Рыбалка в Енисее, на родных деревенских берегах сделалась мне недоступной. Здесь, на студеной зимой и летом воде, могут высиживать в лодках одного-двух сигов, поднимающихся с далекого севера, или пяток харюзков люди со здоровыми легкими, моя же добыча — пескари, ерши, ельцы, сорожняк да подъязок в «мертвой воде» не водятся. Я все чаще стал ездить в город Енисейск, к знакомому охотнику — промысловику. Родом он с реки Сым, одного из средних притоков Енисея и, вполне естественно, что заволок он меня на вертолете в свои родные места. Дивные места! Дивная река Сым, текущая по белым пескам средь болот, озер, стариц, проток и причудливых оттоков от реки, начинающихся узкой горловиной и за берегом реки так причудливо разветвляющихся, такие кренделя заворачивающих, что с непривычки и заблудишься в них.
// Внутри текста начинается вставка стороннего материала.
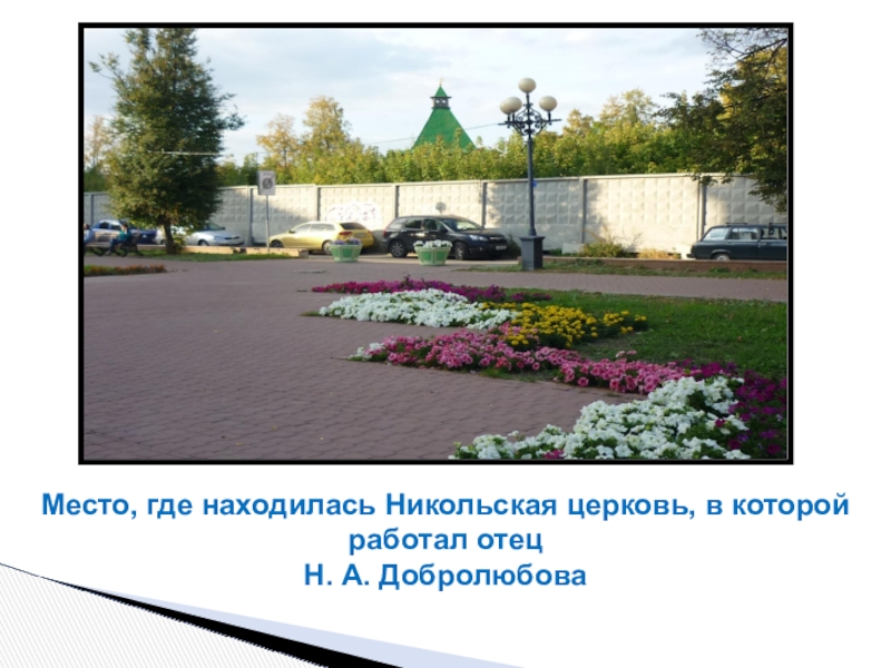 Слайд 37Место, где находилась Никольская церковь, в которой работал отец
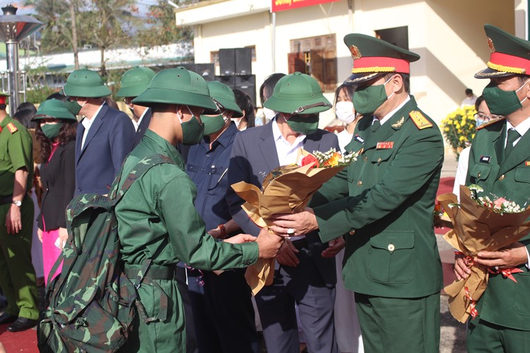 Lãnh đạo Huyện tặng hoa và quà cho các Tân binh chuẩn bị lên đường nhập ngũ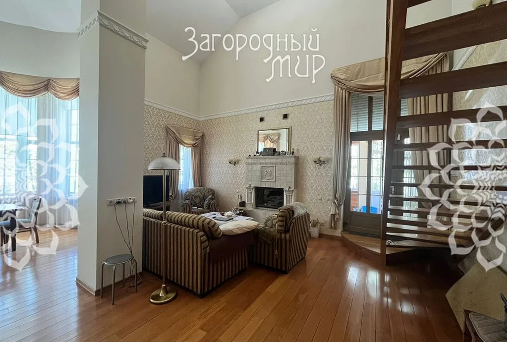 В доме на первом этаже просторная гостиная со вторым светом и с камином, кухня с выходом в зимний сад, спальня, санузел. Также на первом этаже находится бассейн 4,5 на 2,5 метра, с подогревом, оборудованный противотоком, и русская парная. На втором этаже имеется 2 спальни, большой санузел с джакузи, большая гардеробная комната. Также на первом этаже находится застекленная терраса с выходом в сад.

Рыбалка удочная и спиннинговая на Сыме неважная, лишь местами можно поймать харюзков-бельников, даже стерлядь здесь водится, вкуснее которой я не знал. Но все же язя, окуня, сорожняка на жарево иль на уху поймать возможно. И охота по берегам реки подорвана, но так среди чистых песков, на бесконечных поворотах, в белых дюнах красиво! Среди сплошных сосняков растут белые грибы, клюква, брусника и таким морем, что сердце от восхищения замирает.

Привыкая ко мне и моим «причудам», новый мой знакомый недоумевал, как это я, высадившись на берег, могу сидеть у костерка от семи утра до семи вечера и не скучать? А я и не скучал. Сходивши в лесок, набирал кедровых шишек, пёк их в угольях, щелкал орехи и глазел, глазел, лишь иногда — чтоб ружье на меня не обиделось, манил рябчика, которого здесь отчего-то зовут жеребцом! — стрелял одного, а повезет, так и двух — на варево, кидал спиннинг, палил по хитрому и любопытному нырку, непременно подкрадывающемуся к стану, чтобы поглазеть с реки на незнакомое ему двуногое существо. В буроголовую поганку-нырка [4] попасть и хорошему стрелку мудрено, а я и не попадал, лишь пугал его и, вволю «наохотившись», кипятил чай, пил его с брусничкой, смородиной и не замечал, как проходил день.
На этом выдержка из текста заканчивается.